• _PROBLEM TO SOLVE_
Take the lines from the line containing "This candle smells" through the end of the entries and output them exactly, with no pictures and nothing more.

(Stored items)
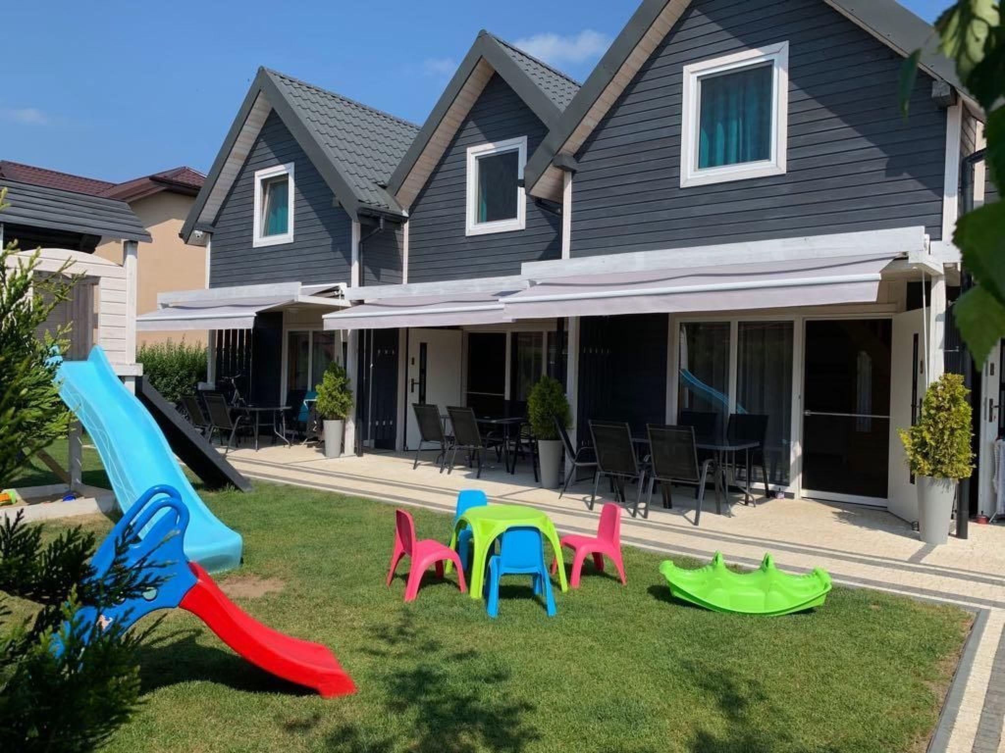 Die Eigenschaft wird überwacht.Wir bieten 1 Parkplatz für jedes Haus auf dem Grundstück.Im Gemeinschaftsbereich: ein Spielplatz für Kinder, ein Sandkasten mit Spielzeug, Fahrrädern und ein Grillplatz.Individuelle Terrassenausstattung: Gartenmöbel (Tisch + 6 Stühle), Markise.
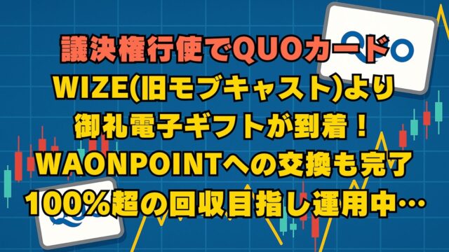 株式投資 議決権行使でWIZE(旧モブキャスト)の電子ギフト到着、WAONPOINTに出来た 2026年4月4日 jump-fire-man 議決権行使でもれなくQUOカードがいただけていた情報のあった銘柄で、元本回収・逃げ切りを狙ってみるシリーズ。 「3664 WIZE(旧 …
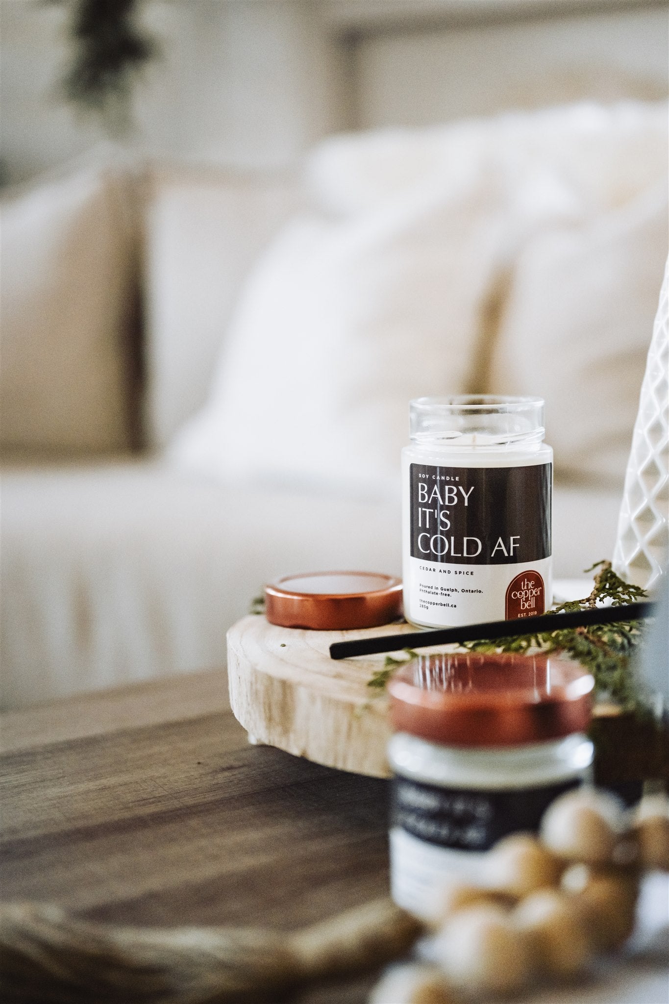 This candle smells like cedar and spice. You'll love the notes of cinnamon and cedar wood that bring the outdoors inside when it's cold af. Stay inside, stay cozy.
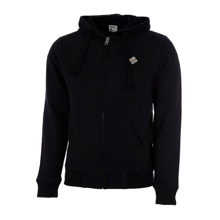 Sweat zippé Noir Homme Schott Badge Sweat zippé Capuche avec lien de serrage zip intégral patch Schott cousu sur la poitrine poches latérales 100% coton
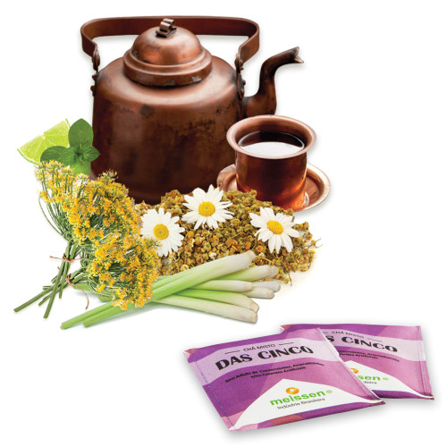 Ingredientes: Capim-cidreira / Cymbopogon citratus Stapf, folhas; Camomila / Matricaria recutita L. e Chamomilla recutita (L.) Rauscher, capítulos florais; Erva-doce-nacional / Foeniculum vulgare Mill, frutos; Limão / Citrus limmonia Osbeck ou Citrus limonium Risso, casca dos frutos; Hortelã / Mentha piperita L., folhas e ramos.
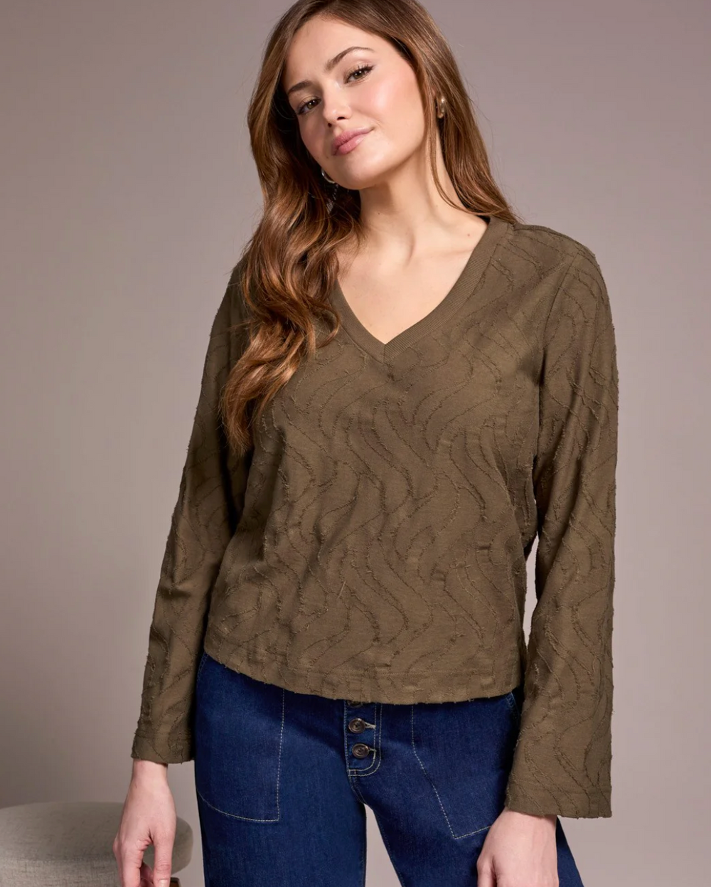 There is no reason you can't look good and feel comfortable with this textured jacquard top. The design pairs a graceful V-neckline and flowing bell sleeves, in a deep ivy green hue. It is a style and color that will be a wonderful addition to your fall wardrobe. The unique jacquard fabric adds a visual interest to an otherwise basic t-shirt.

• _SOLUTION TO THIS EXERCISE_
 This candle smells like cedar and spice. You'll love the notes of cinnamon and cedar wood that bring the outdoors inside when it's cold af. Stay inside, stay cozy.
 Sweat zippé Noir Homme Schott Badge Sweat zippé Capuche avec lien de serrage zip intégral patch Schott cousu sur la poitrine poches latérales 100% coton
 Ingredientes: Capim-cidreira / Cymbopogon citratus Stapf, folhas; Camomila / Matricaria recutita L. e Chamomilla recutita (L.) Rauscher, capítulos florais; Erva-doce-nacional / Foeniculum vulgare Mill, frutos; Limão / Citrus limmonia Osbeck ou Citrus limonium Risso, casca dos frutos; Hortelã / Mentha piperita L., folhas e ramos.
 There is no reason you can't look good and feel comfortable with this textured jacquard top. The design pairs a graceful V-neckline and flowing bell sleeves, in a deep ivy green hue. It is a style and color that will be a wonderful addition to your fall wardrobe. The unique jacquard fabric adds a visual interest to an otherwise basic t-shirt.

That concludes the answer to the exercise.